Раннее утро не приносит облегчения. Я не смог, черт возьми. Эмоциональный подъем прошел, как не бывало. Дождь льет почти всю ночь, но против обыкновения не вызывает у меня вдохновляющей тоски, от которой хотелось бы сесть за рояль, и , закрыв глаза, позволить пальцам прокладывать замысловатые дорожки, порхать от клавиши к клавише, и оторваться от земли, ведомый музыкой, как светом маяка в кромешной тьме.

Я чувствую себя бездарным, пустым, никчемным. Я – ничтожество. Не медля, я беру все нотные тетради, что попадаются на глаза. Много же хлама я накопил. Испещренные мелким почерком, они содержат то, чем я занимаюсь всю свою жизнь. Зачем они теперь, если я не могу написать простейшего? О чем они скажут потомкам? Вот она – музыка написанная  никем? Миг — и я стою в каминной, разжигая  огонь от свечи из моего кабинета. Рукописи загораются незамедлительно, а я молча смотрю на пляски серого огня и чувствую, что это меня пламя превращает в пепел. Это я горю в печи, в железном ящике, превращаясь в прах.
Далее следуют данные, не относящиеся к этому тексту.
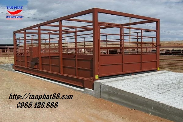 Cân sàn điện tử ứng dụng cân động vật. Cân sử dụng khung cân có 2 cửa ra vào tiện dụng. Hình ảnh cân dùng cho việc cân lợn trong các trang trại lợn.
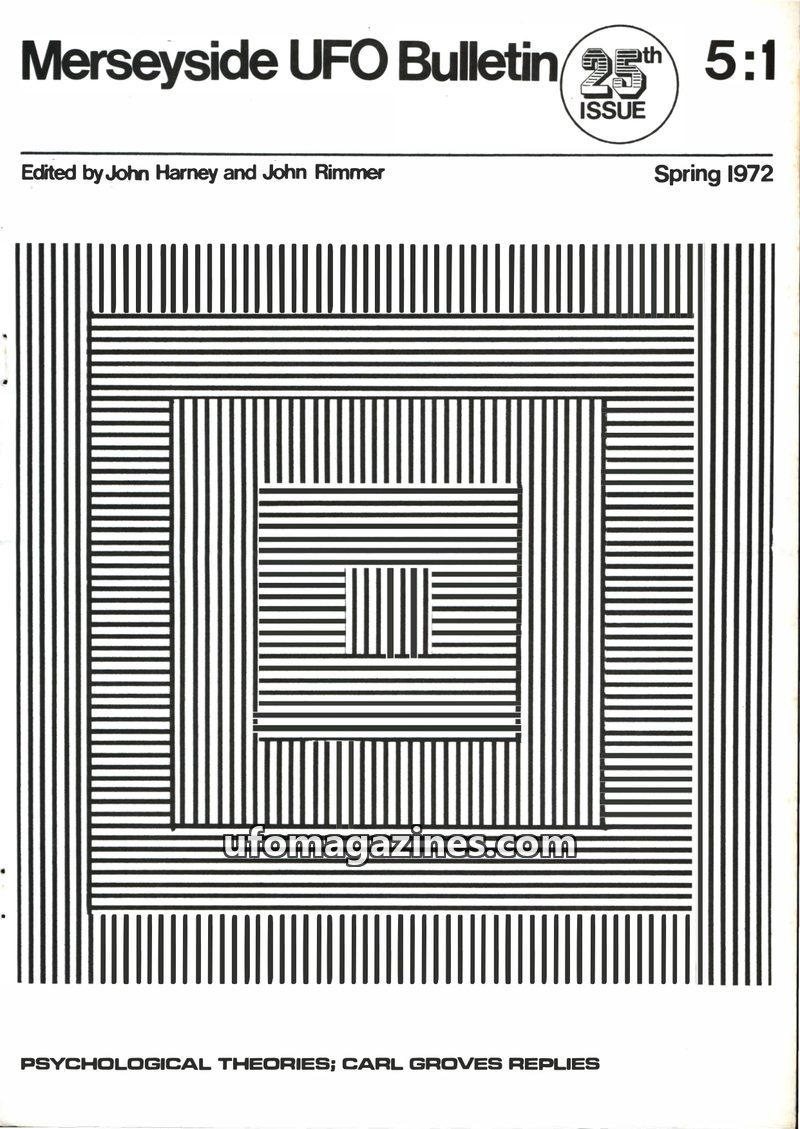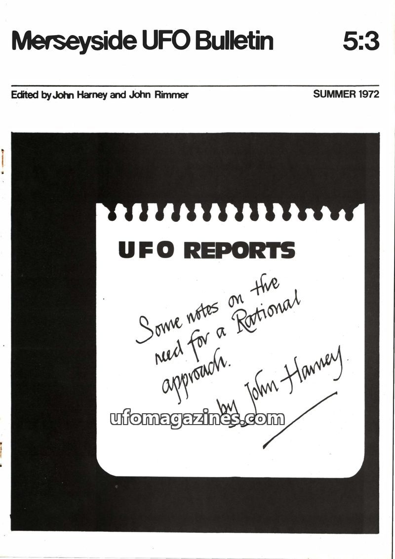 This issue of the Merseyside UFO Bulletin, dated Summer 1972, focuses on the interpretation of UFO reports. It argues for a rational approach, distinguishing between genuine physic
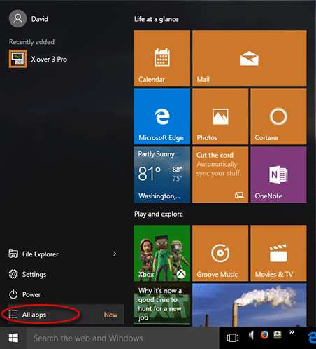 - If a program is not listed, click on "All apps" at the bottom of the menu as shown below.
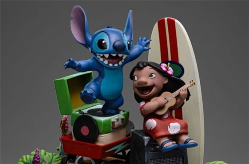 On a base of sand and vegetation from the Hawaiian beaches of Kauai Island, a small, charismatic, and cute girl, wearing a traditional pink printed dress from her culture, joyfully plays her Ukulele while sitting on a small guitar amp, with a photo of her parents and a camera in front of the speaker screen—two items of great importance to her, along with an equally essential surfboard. With seashells, a starfish, and an alien ray gun fallen on the sand, beside her, her red wheelbarrow carries her suitcase turntable where her best friend from another world dances naturally, sometimes as a King of Rock duet, sometimes as a superhero with a red cape, or sometimes with a traditional Hula skirt and necklace. With the base adorned with waves around it, Iron Studios proudly presents the statue "Lilo & Stitch Deluxe - Disney Classics - Art Scale 1/10", with four optional versions of Stitch: normal, as Elvis, as a superhero, or dancing the Hula, expanding its commemorative collection of Disney's 100 years.
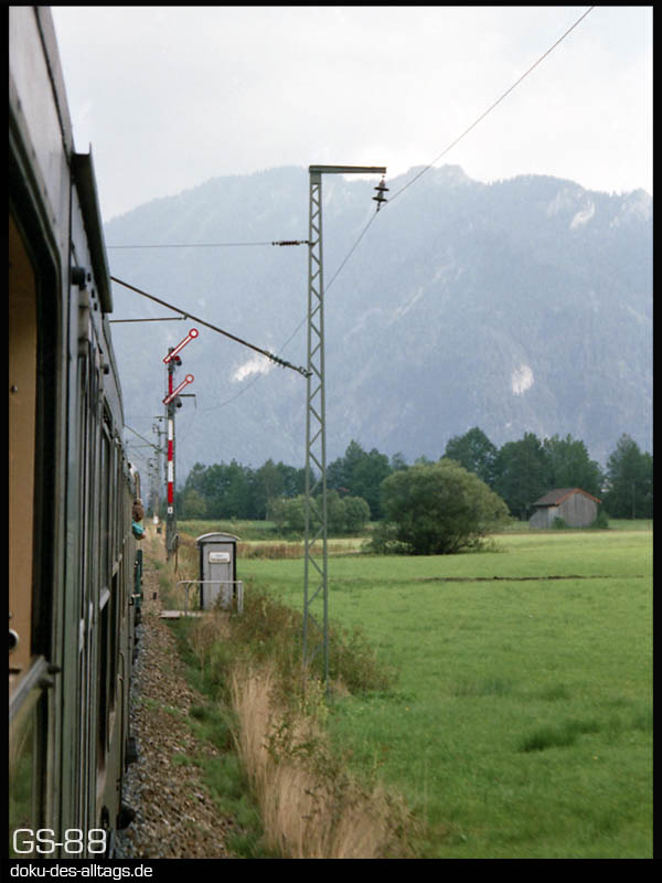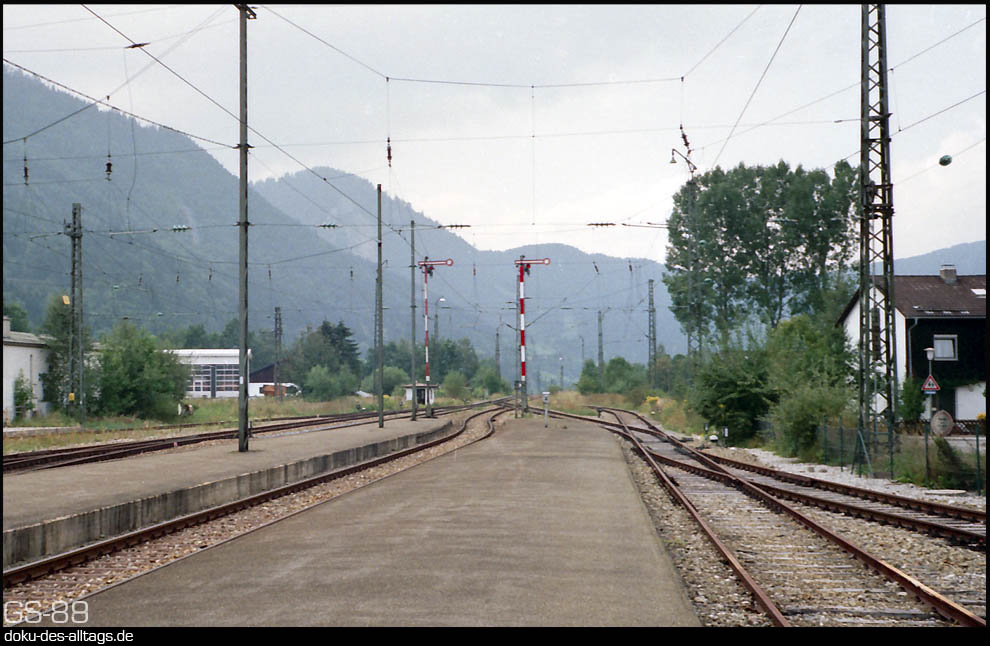 | 4.) Blick auf die Ausfahrt. In Hinblick auf Sonderzüge, die während der Passionsspiele Oberammergau anfuhren, aber auch Wintersportzüge, haben die Bahnsteige eine beachtliche Nutzlänge. 1988 wurden im Alltagsbetrieb noch zwei Bahnsteiggleise für Zugfahrten verwendet, wovon jedes noch sein eigenes Ausfahrtsignal hatte. Hinter dem linken Signal ist das Schlüsselstellwerk. Während der Rangierzeiten konnten dort mittels Rangierschlüssel die Weichenschlüssel freigeschlossen werden. Die Einfahrtsweiche 3 zu den beiden Hauptgleisen, deren Ausfahrtsignale, sowie das Einfahrtsignal wurden vom Fdl-Stellwerk (Bauart S&H) im Empfangsgebäude aus bedient.
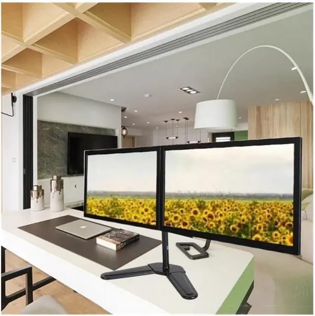 Fits 32" Dual Monitor Stand for Desk - This freestanding dual screen monitor mount widely fits two 10" to 32" LCD LED monitors, with VESA mount 75x75 and 100x100mm, holds up to 17.6 lbs per arm. (Please verify your monitors size and weight are within our standard before purchasing)
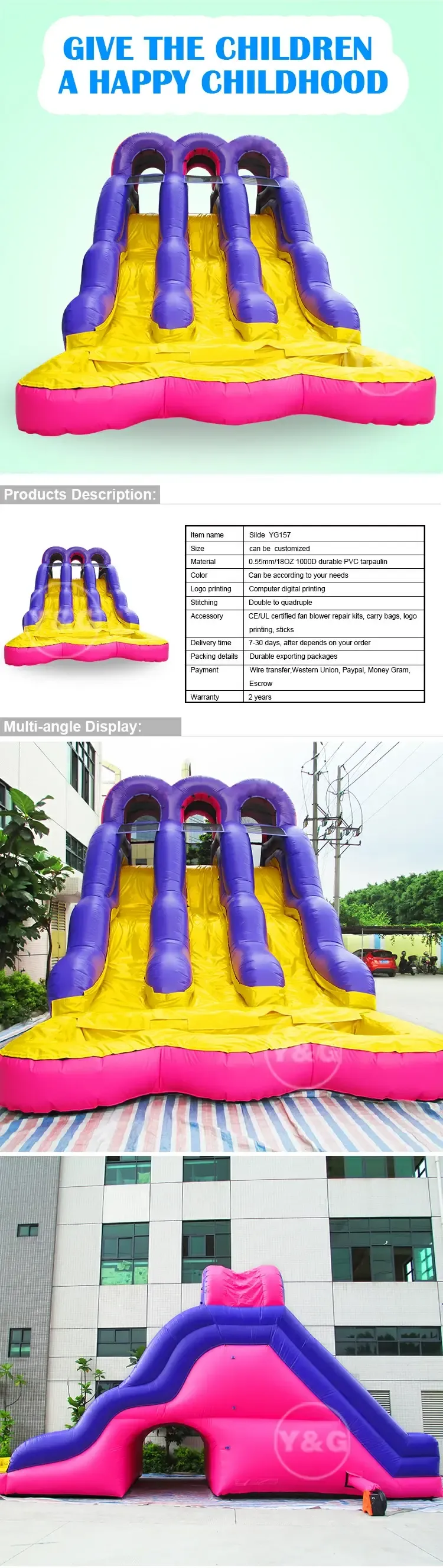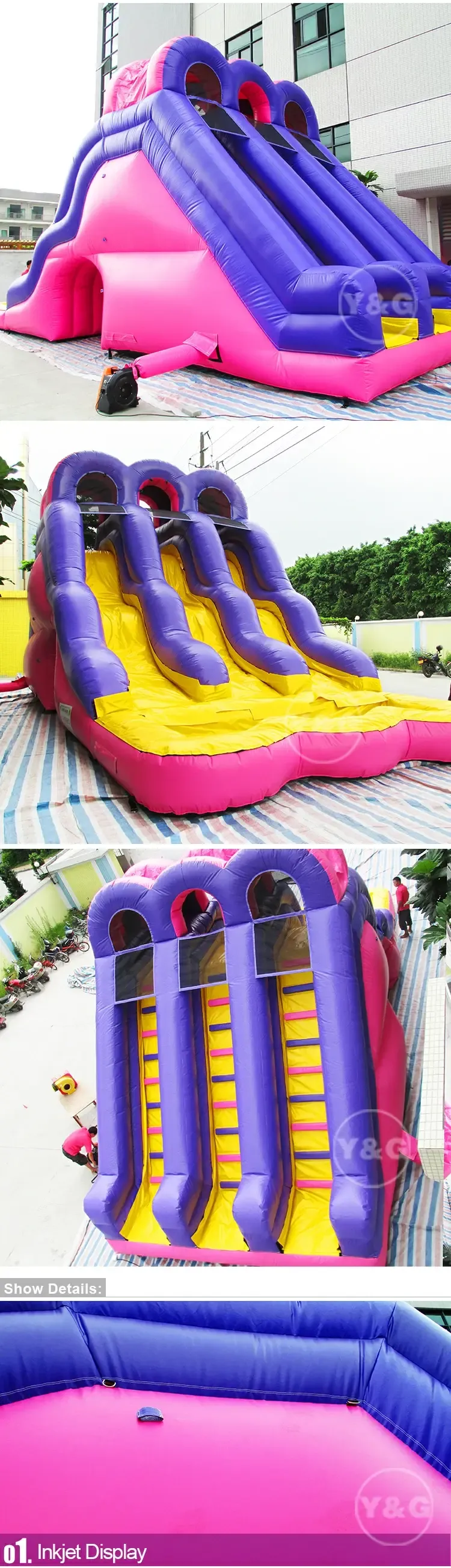 Pink Bouncer Slide with a steep, straight descent for an intense, adrenaline-pumping experience. Incorporates sturdy handrails, a rapid slide path, and a deep splash pool or heavily padded landing zone for maximum impact absorption.
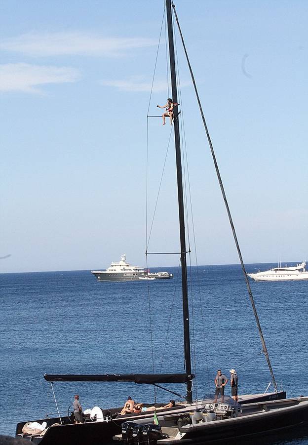 Мишель продемонстрировала ловкость и бесстаршие, когда залезла на мачту. Заку оставалось лишь смотреть на нее с палубы и делать вид, что он готов ее словить.
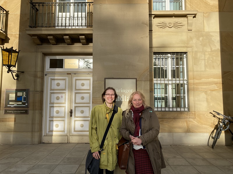 Julia Bäring (links) und Dr. Heike Schaarschmidt vor dem Thüringer Landtag
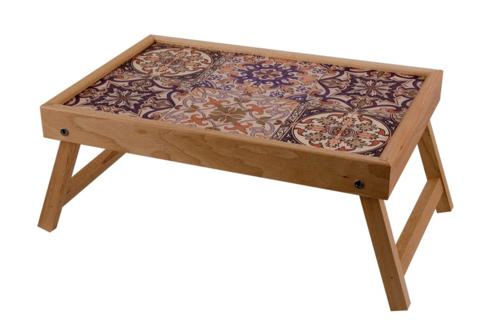 La solution cadeau parfaite : un plateau à pieds pliants, se transformant en une table compacte, sera un véritable compliment pour les amis et les proches. Il est utile pour traiter les invités avec des boissons, des fruits et pour les petits déjeuners au lit. Des tables en hêtre, décorées d'un design original, ajouteront un zeste incroyable à la vie de tous les jours. La surface du luminaire donne l'atmosphère chaleureuse habituelle de splendeur et d'oisiveté.
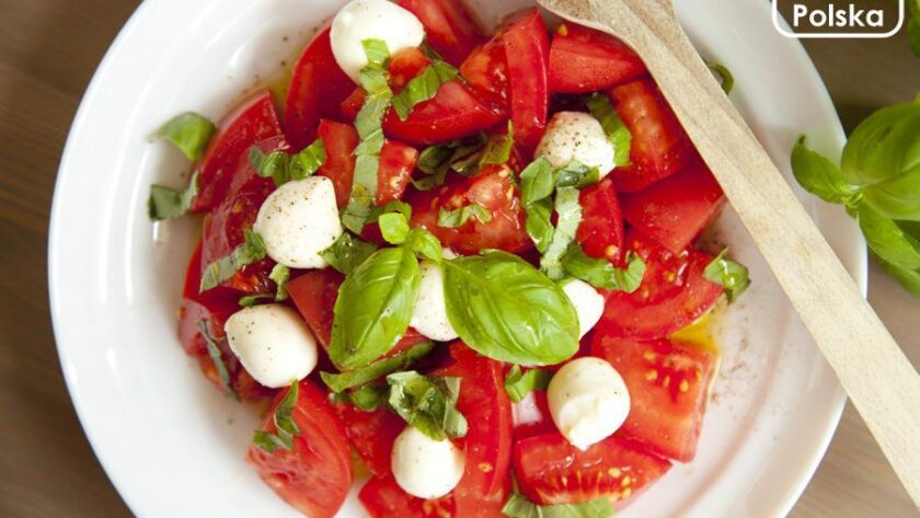 Z dobrymi pomidorami nie warto jakoś specjalnie wydziwiać. Są pyszne już z odrobiną soli i oliwy. Bardzo lubimy połączenie z klasycznej włoskiej sałatki caprese. Tradycyjnie plastry pomidorów układa się w niej na przemian z mozzarellą, jednak nic nie stoi na przeszkodzie, by po prostu wymieszać składniki w każdej sałatce. Tak właśnie zrobiliśmy tym razem. Nieodzownymi składnikami caprese jest także oliwa, świeża bazylia i świeżo zmielony pieprz. Wszystko po prostu delikatnie wymieszaj. Wiwat pomidory! 🙂
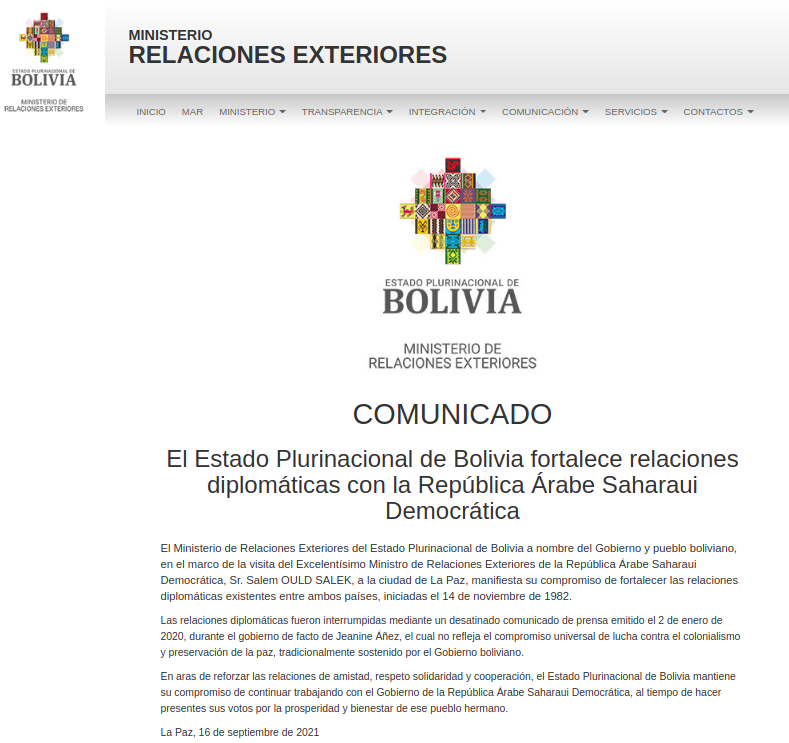 El Ministerio de Relaciones Exteriores del Estado Plurinacional de Bolivia a nombre del Gobierno y pueblo boliviano, en el marco de la visita del Excelentísimo Ministro de Relaciones Exteriores de la República Árabe Saharaui Democrática, Sr. Salem OULD SALEK, a la ciudad de La Paz, manifiesta su compromiso de fortalecer las relaciones diplomáticas existentes entre ambos países, iniciadas el 14 de noviembre de 1982.

…Дом кажется мне чужим и безликим, находиться в нем невыносимая мука. Людей вывожу за пределы владений и оставляю, если не поддерживать внушение, они придут в себя. Зачем они мне теперь: я еще не решил, что хочу жить. Нет, это не проявление гуманности, просто меня раздражает их возня на первом этаже. Домой возвращаться не хочу, и даже скорость не вызывает интереса. Автомобиль бросаю на обочине. В кармане пара запасных комплектов линз, я иду вперед, под воспрянувшим с новой силой дождем, вода превращает мой костюм в мокрую тряпку. Ноги сами ведут меня к городу. Где-то там осталось мое вдохновение, ему, видимо больше понравилось быть среди огней и шума и оно вернулось, покинув меня.

Я хочу проверить одну догадку. Что если я повторю вчерашний сценарий, но медлить не буду, а приступлю к работе прямо на месте?

Прав был Оскар Уайльд, когда в «Портрете Дориана Грея» сказал устами главного героя:

«Пожалуй, жестокость, откровенная жестокость женщинам милее всего: в них удивительно

сильны первобытные инстинкты. Мы им дали свободу, а они всё равно остались рабынями, ищущими себе господина. Они любят покоряться…» Мне нравится  пародия Оскара на вампирский быт. Но очень странно, что писатель дал умнику такую серую фамилию ( прим. Автора: Grey (англ.) – серый), ведь все сказано верно. Так почему бы не воспользоваться?

Сейчас рано светает, в клубе, где я был накануне, людишки еще не разошлись, но я пожалел, что вернулся туда. Налицо была только смена персонала, остальные же дамочки уже  изрядно накачались и двигаются автоматически. Нет, я не ем отбросы. Жаль, мне так важно повторить сценарий,  здесь сама обстановка заводит меня и навевает воспоминания. Еще раз шарю по залу, заглядывая в каждый уголок, и замечаю на себе пристальный взгляд абсолютно трезвых глаз.

Она смотрит на меня, не отрываясь:  серые глаза, серые волосы, большая  — не по размеру — одежда с чужого плеча. К тому же она одета в форму официанта, я никогда не связываюсь  с теми, кого могут быстро хватиться. Отвернувшись, я продолжаю поиск, но чувствую, как кто-то треплет меня по плечу. Она оказывается  за спиной и, сложив ладони рупором, пытается перекричать музыку:

— Вы не меня ищите, сэр? – ее глаза выглядят слишком большими на худеньком лице, различаю  замаскированный синяк под глазом и  плохо зажившую трещину на губе.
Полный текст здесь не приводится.